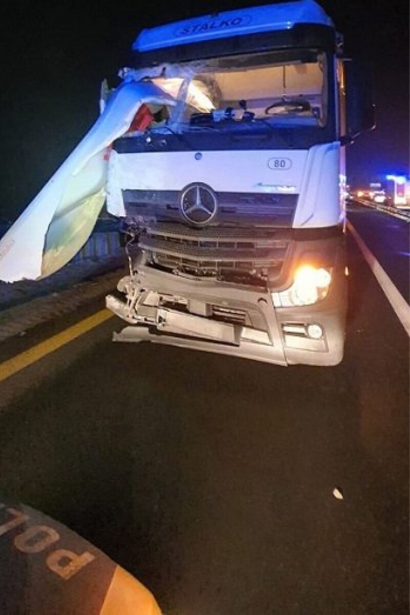 Siła uderzenia musiała być znaczna, bo Iveco zepchnięte zostało z drogi, a część izolowanego kontenera wbiło się w kabinę ciężarówki.
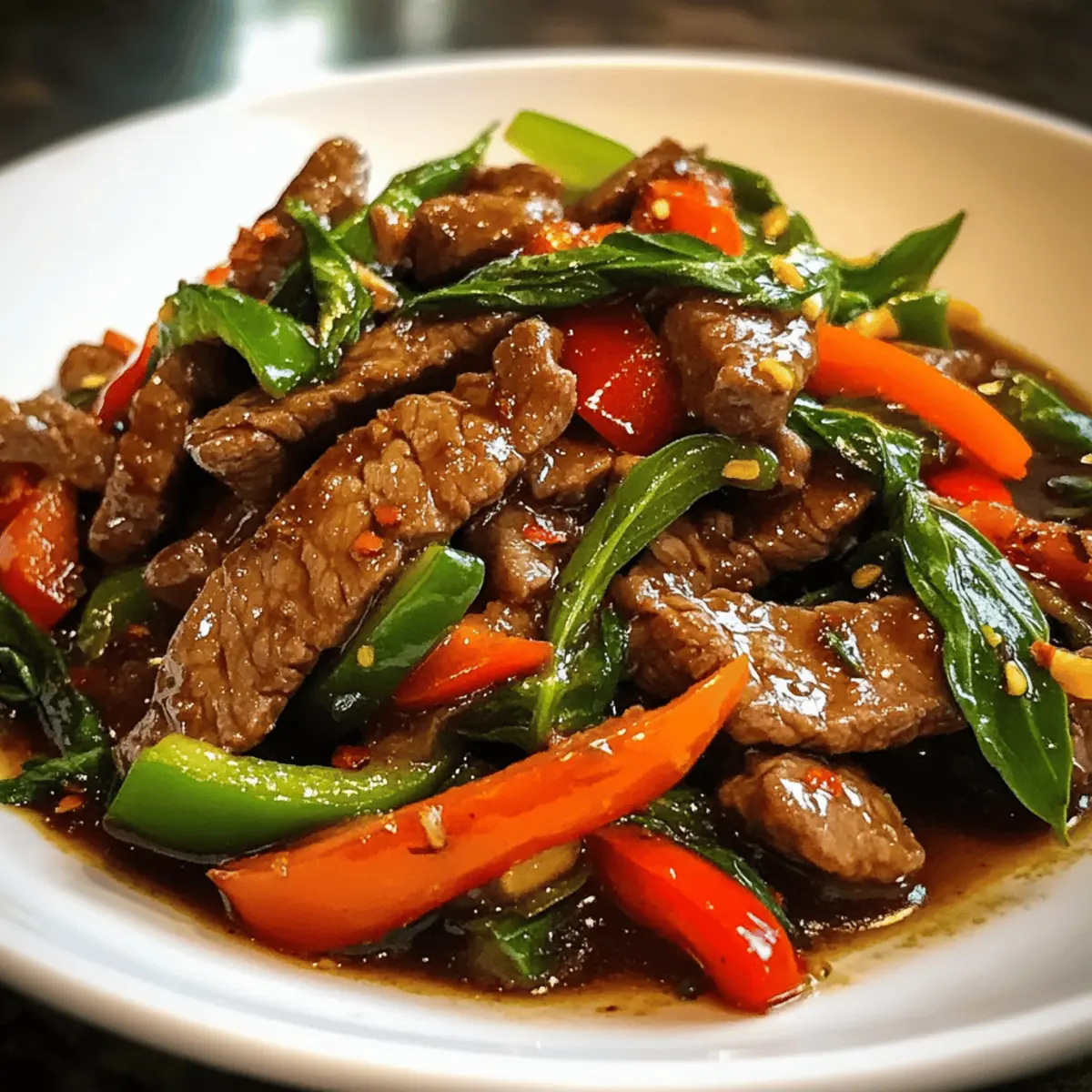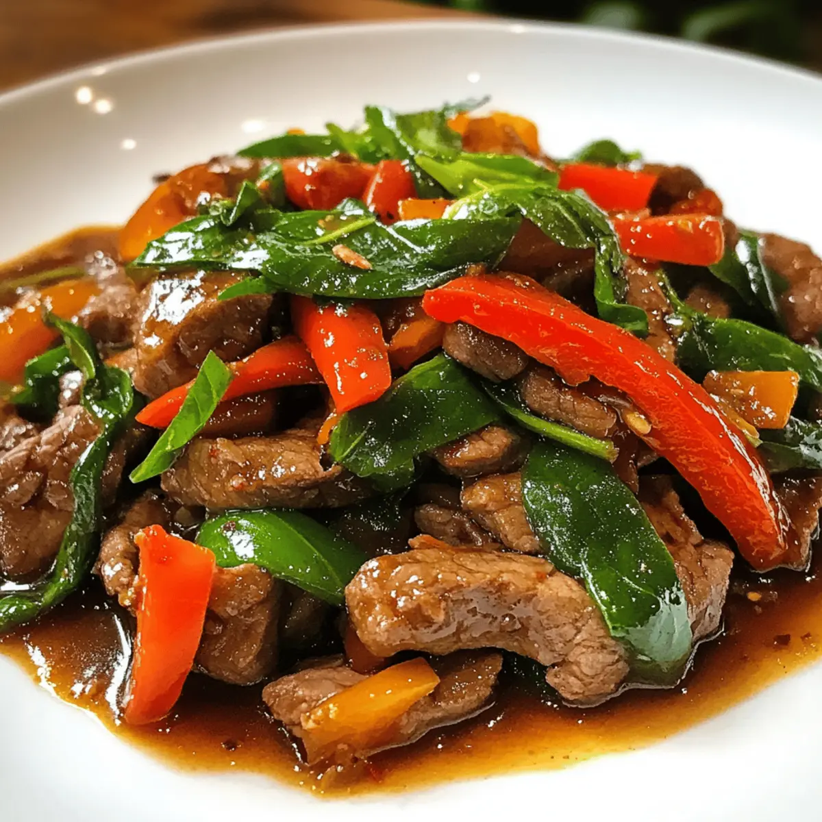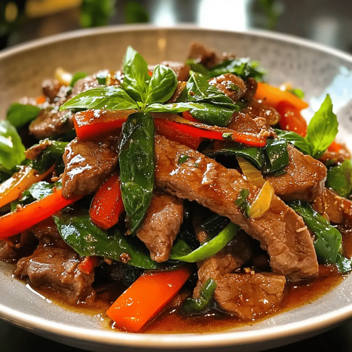 Während ich die lebhaften Farben der Zutaten in meiner Küche betrachte, fühle ich mich sofort in die geschäftigen Straßen Thailands versetzt. Die Thai-Basilikum-Rindfleisch-Pfanne ist nicht nur ein Gericht, sondern eine Geschmacksreise, die frisches Gemüse, zartes Rindfleisch und den unverwechselbaren Duft von Thai-Basilikum vereint. Diese pfiffige und schnelle Zubereitung ist perfekt für anspruchsvolle Abende, an denen Zeit Mangelware ist, und gleichzeitig zeigt sie sich als echter Publikumsliebling bei Freunden und Familie. Ob über duftendem Jasminreis oder zarten Nudeln serviert – mit nur wenigen Zutaten bist du bereit, ein köstliches Dinner zu zaubern. Bist du bereit, deine Geschmacksknospen auf ein unvergessliches Abenteuer zu schicken? Liebst du schnelle, köstliche Gerichte? Einfache Zubereitung: Diese Thai-Basilikum-Rindfleisch-Pfanne benötigt nur wenige Schritte, um ein fantastisches Ergebnis zu erzielen. Vielfältige Optionen: Du kannst sie ganz leicht mit Hühnchen oder Tofu abwandeln, um jedem Geschmack gerecht zu werden. Aromatische Frische: Der Duft von frischem Thai-Basilikum und knackigem Gemüse verbindet sich wunderbar mit zartem Rindfleisch. Schnell und nahrhaft: Perfekt für hektische Abende – in unter 30 Minuten ist das Essen servierbereit. Genuss für alle: Ob für Familie oder Freunde, dieses Gericht wird garantiert überall gut ankommen! Nutze zum Beispiel auch würzige Frühlingsrollen, um deine Mahlzeit zu bereichern! Thai-Basilikum-Rindfleisch-Pfanne Zutaten Für das Rindfleisch • Rindfleisch (500g) – Verwende mageres Fleisch wie Flank oder Hüftsteak für optimale Zartheit. • Sojasauce (2 Esslöffel) – Gibt dem Gericht eine salzige, umami-reiche Note; verwende Tamari für glutenfreie Optionen. • Austernsauce (1 Esslöffel) – Verstärkt die Geschmackstiefe; kann für eine vegetarische Variante weggelassen werden. • Zucker (1 Teelöffel) – Balanciert die Aromen; passe die Menge nach deinem Geschmack an. Für das Gemüse • Gemüseöl (2 Esslöffel) – Hoch erhitzbares Öl wie Erdnuss- oder Rapsöl eignet sich ideal zum Braten. • Knoblauch (1 Esslöffel, gehackt) – Frisch gehackter Knoblauch sorgt für ein intensives Aroma, das deinem Gericht Leben einhaucht. • Paprika (1 Tasse, in Scheiben) – Fügt Süße und Farbe hinzu; du kannst auch Brokkoli oder Karotten für Variation verwenden. • Chiliflocken (1 Teelöffel) – Für eine pikante Note; weniger verwenden, wenn du es milder magst. • Thai-Basilikum (1 Tasse, frisch) – Die aromatische Hauptzutat; regulärer Basilikum kann auch verwendet werden, hat jedoch einen anderen Geschmack. Für die finale Abstimmung • Salz & Pfeffer – Zum Würzen; füge Salz nach dem Kochen hinzu, um eine Überwürzung zu vermeiden. Diese Thai-Basilikum-Rindfleisch-Pfanne wird nicht nur deine Geschmacksnerven erfreuen, sondern auch deine Kochkünste auf das nächste Level heben! Schritt-für-Schritt-Anleitung für die Thai-Basilikum-Rindfleisch-Pfanne Step 1: Rindfleisch vorbereiten Schneide das Rindfleisch gegen die Faser in dünne Streifen, um die Zartheit zu gewährleisten. Mische die geschnittenen Stücke mit Sojasauce, Austernsauce, Salz und Pfeffer in einer Schüssel und lasse es für 15-20 Minuten marinieren. Diese Marinade verleiht der Thai-Basilikum-Rindfleisch-Pfanne eine tiefe, würzige Grundlage. Step 2: Knoblauch anbraten Erhitze in einer großen Pfanne oder einem Wok 2 Esslöffel Gemüseöl bei mittelhoher Hitze. Füge den gehackten Knoblauch hinzu und brate ihn etwa 30 Sekunden lang an, bis er duftet und leicht goldbraun ist. Achte darauf, dass er nicht verbrennt, da dies den Geschmack der gesamten Thai-Basilikum-Rindfleisch-Pfanne beeinträchtigen kann. Step 3: Rindfleisch braten Gib das marinierte Rindfleisch in die Pfanne und lasse es für 1-2 Minuten ohne Rühren anbraten, damit eine schöne Kruste entsteht. Rühre dann vorsichtig um und brate es weitere 2-3 Minuten, bis es durchgegart und goldbraun ist. Dieser Schritt sorgt für die perfekte Textur der Rindfleischstücke in deiner Thai-Basilikum-Rindfleisch-Pfanne. Step 4: Gemüse hinzufügen Nun ist es Zeit, das geschnittene Gemüse hinzuzufügen. Gib die Paprika in die Pfanne und brate sie 1-2 Minuten lang mit, bis sie leicht zart sind, aber noch einen knackigen Biss haben. Das Gemüse bringt frische Farben und Aromen in die Thai-Basilikum-Rindfleisch-Pfanne und ergänzt das Rindfleisch hervorragend. Step 5: Sauce kombinieren Füge die restliche Sojasauce, die Austernsauce, den Zucker und die Chiliflocken in die Pfanne hinzu. Rühre alles gut um, sodass das Gemüse und das Rindfleisch gleichmäßig mit der Sauce überzogen sind. Lass die Mischung für eine weitere Minute köcheln, damit sich die Aromen entfalten und für ein köstliches Gesamtbild sorgen. Step 6: Mit Basilikum verfeinern Nehme die Pfanne vom Herd und füge das frische Thai-Basilikum hinzu. Mische alles sorgfältig, bis das Basilikum leicht verwelkt ist und sein intensives Aroma freisetzt. Dieser letzte Schritt ist entscheidend, um der Thai-Basilikum-Rindfleisch-Pfanne ihren charakteristischen Duft und Geschmack zu verleihen. Step 7: Servieren Serviere die Thai-Basilikum-Rindfleisch-Pfanne sofort über duftendem Jasminreis oder Nudeln. Träufle die restliche Sauce über das Gericht, um dem Ganzen den letzten Schliff zu geben. Dieses köstliche Essen ist nicht nur schnell zubereitet, sondern beeindruckt auch Familie und Freunde! Thai-Basilikum-Rindfleisch-Pfanne Varianten Lass deiner Kreativität freien Lauf und passe diese köstliche Thai-Basilikum-Rindfleisch-Pfanne ganz nach deinem Geschmack an! Hühnchen: Tausche das Rindfleisch gegen zartes Hühnchen aus – so wird es ebenfalls saftig und lecker. Tofu: Für eine pflanzliche Version kannst du festen Tofu verwenden, der gut mariniert und gebraten wird. Glutenfrei: Verwende Tamari anstelle von Sojasauce, um die perfekte glutenfreie Option zu kreieren. Nudeln: Anstatt des Reis kannst du auch knackig
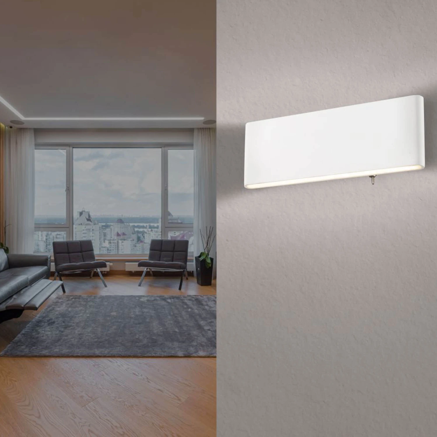 The LED Slim Switched Mini White Wall Light is a sleek and stylish lighting solution that will add a modern touch to any room. It features a sleek white finish that will complement any décor, and the LED technology provides bright and energy-efficient illumination, by radiating upwards and downwards, you conjure up a pleasant and cosy atmosphere to your living room, hallway, or bedroom.

---+---

> **TASK ITEM**
The answer must be the full listing, word for word, with no images in it.

> **EXPECTED ANSWER**
 Siła uderzenia musiała być znaczna, bo Iveco zepchnięte zostało z drogi, a część izolowanego kontenera wbiło się w kabinę ciężarówki.
 Während ich die lebhaften Farben der Zutaten in meiner Küche betrachte, fühle ich mich sofort in die geschäftigen Straßen Thailands versetzt. Die Thai-Basilikum-Rindfleisch-Pfanne ist nicht nur ein Gericht, sondern eine Geschmacksreise, die frisches Gemüse, zartes Rindfleisch und den unverwechselbaren Duft von Thai-Basilikum vereint. Diese pfiffige und schnelle Zubereitung ist perfekt für anspruchsvolle Abende, an denen Zeit Mangelware ist, und gleichzeitig zeigt sie sich als echter Publikumsliebling bei Freunden und Familie. Ob über duftendem Jasminreis oder zarten Nudeln serviert – mit nur wenigen Zutaten bist du bereit, ein köstliches Dinner zu zaubern. Bist du bereit, deine Geschmacksknospen auf ein unvergessliches Abenteuer zu schicken? Liebst du schnelle, köstliche Gerichte? Einfache Zubereitung: Diese Thai-Basilikum-Rindfleisch-Pfanne benötigt nur wenige Schritte, um ein fantastisches Ergebnis zu erzielen. Vielfältige Optionen: Du kannst sie ganz leicht mit Hühnchen oder Tofu abwandeln, um jedem Geschmack gerecht zu werden. Aromatische Frische: Der Duft von frischem Thai-Basilikum und knackigem Gemüse verbindet sich wunderbar mit zartem Rindfleisch. Schnell und nahrhaft: Perfekt für hektische Abende – in unter 30 Minuten ist das Essen servierbereit. Genuss für alle: Ob für Familie oder Freunde, dieses Gericht wird garantiert überall gut ankommen! Nutze zum Beispiel auch würzige Frühlingsrollen, um deine Mahlzeit zu bereichern! Thai-Basilikum-Rindfleisch-Pfanne Zutaten Für das Rindfleisch • Rindfleisch (500g) – Verwende mageres Fleisch wie Flank oder Hüftsteak für optimale Zartheit. • Sojasauce (2 Esslöffel) – Gibt dem Gericht eine salzige, umami-reiche Note; verwende Tamari für glutenfreie Optionen. • Austernsauce (1 Esslöffel) – Verstärkt die Geschmackstiefe; kann für eine vegetarische Variante weggelassen werden. • Zucker (1 Teelöffel) – Balanciert die Aromen; passe die Menge nach deinem Geschmack an. Für das Gemüse • Gemüseöl (2 Esslöffel) – Hoch erhitzbares Öl wie Erdnuss- oder Rapsöl eignet sich ideal zum Braten. • Knoblauch (1 Esslöffel, gehackt) – Frisch gehackter Knoblauch sorgt für ein intensives Aroma, das deinem Gericht Leben einhaucht. • Paprika (1 Tasse, in Scheiben) – Fügt Süße und Farbe hinzu; du kannst auch Brokkoli oder Karotten für Variation verwenden. • Chiliflocken (1 Teelöffel) – Für eine pikante Note; weniger verwenden, wenn du es milder magst. • Thai-Basilikum (1 Tasse, frisch) – Die aromatische Hauptzutat; regulärer Basilikum kann auch verwendet werden, hat jedoch einen anderen Geschmack. Für die finale Abstimmung • Salz & Pfeffer – Zum Würzen; füge Salz nach dem Kochen hinzu, um eine Überwürzung zu vermeiden. Diese Thai-Basilikum-Rindfleisch-Pfanne wird nicht nur deine Geschmacksnerven erfreuen, sondern auch deine Kochkünste auf das nächste Level heben! Schritt-für-Schritt-Anleitung für die Thai-Basilikum-Rindfleisch-Pfanne Step 1: Rindfleisch vorbereiten Schneide das Rindfleisch gegen die Faser in dünne Streifen, um die Zartheit zu gewährleisten. Mische die geschnittenen Stücke mit Sojasauce, Austernsauce, Salz und Pfeffer in einer Schüssel und lasse es für 15-20 Minuten marinieren. Diese Marinade verleiht der Thai-Basilikum-Rindfleisch-Pfanne eine tiefe, würzige Grundlage. Step 2: Knoblauch anbraten Erhitze in einer großen Pfanne oder einem Wok 2 Esslöffel Gemüseöl bei mittelhoher Hitze. Füge den gehackten Knoblauch hinzu und brate ihn etwa 30 Sekunden lang an, bis er duftet und leicht goldbraun ist. Achte darauf, dass er nicht verbrennt, da dies den Geschmack der gesamten Thai-Basilikum-Rindfleisch-Pfanne beeinträchtigen kann. Step 3: Rindfleisch braten Gib das marinierte Rindfleisch in die Pfanne und lasse es für 1-2 Minuten ohne Rühren anbraten, damit eine schöne Kruste entsteht. Rühre dann vorsichtig um und brate es weitere 2-3 Minuten, bis es durchgegart und goldbraun ist. Dieser Schritt sorgt für die perfekte Textur der Rindfleischstücke in deiner Thai-Basilikum-Rindfleisch-Pfanne. Step 4: Gemüse hinzufügen Nun ist es Zeit, das geschnittene Gemüse hinzuzufügen. Gib die Paprika in die Pfanne und brate sie 1-2 Minuten lang mit, bis sie leicht zart sind, aber noch einen knackigen Biss haben. Das Gemüse bringt frische Farben und Aromen in die Thai-Basilikum-Rindfleisch-Pfanne und ergänzt das Rindfleisch hervorragend. Step 5: Sauce kombinieren Füge die restliche Sojasauce, die Austernsauce, den Zucker und die Chiliflocken in die Pfanne hinzu. Rühre alles gut um, sodass das Gemüse und das Rindfleisch gleichmäßig mit der Sauce überzogen sind. Lass die Mischung für eine weitere Minute köcheln, damit sich die Aromen entfalten und für ein köstliches Gesamtbild sorgen. Step 6: Mit Basilikum verfeinern Nehme die Pfanne vom Herd und füge das frische Thai-Basilikum hinzu. Mische alles sorgfältig, bis das Basilikum leicht verwelkt ist und sein intensives Aroma freisetzt. Dieser letzte Schritt ist entscheidend, um der Thai-Basilikum-Rindfleisch-Pfanne ihren charakteristischen Duft und Geschmack zu verleihen. Step 7: Servieren Serviere die Thai-Basilikum-Rindfleisch-Pfanne sofort über duftendem Jasminreis oder Nudeln. Träufle die restliche Sauce über das Gericht, um dem Ganzen den letzten Schliff zu geben. Dieses köstliche Essen ist nicht nur schnell zubereitet, sondern beeindruckt auch Familie und Freunde! Thai-Basilikum-Rindfleisch-Pfanne Varianten Lass deiner Kreativität freien Lauf und passe diese köstliche Thai-Basilikum-Rindfleisch-Pfanne ganz nach deinem Geschmack an! Hühnchen: Tausche das Rindfleisch gegen zartes Hühnchen aus – so wird es ebenfalls saftig und lecker. Tofu: Für eine pflanzliche Version kannst du festen Tofu verwenden, der gut mariniert und gebraten wird. Glutenfrei: Verwende Tamari anstelle von Sojasauce, um die perfekte glutenfreie Option zu kreieren. Nudeln: Anstatt des Reis kannst du auch knackig
 The LED Slim Switched Mini White Wall Light is a sleek and stylish lighting solution that will add a modern touch to any room. It features a sleek white finish that will complement any décor, and the LED technology provides bright and energy-efficient illumination, by radiating upwards and downwards, you conjure up a pleasant and cosy atmosphere to your living room, hallway, or bedroom.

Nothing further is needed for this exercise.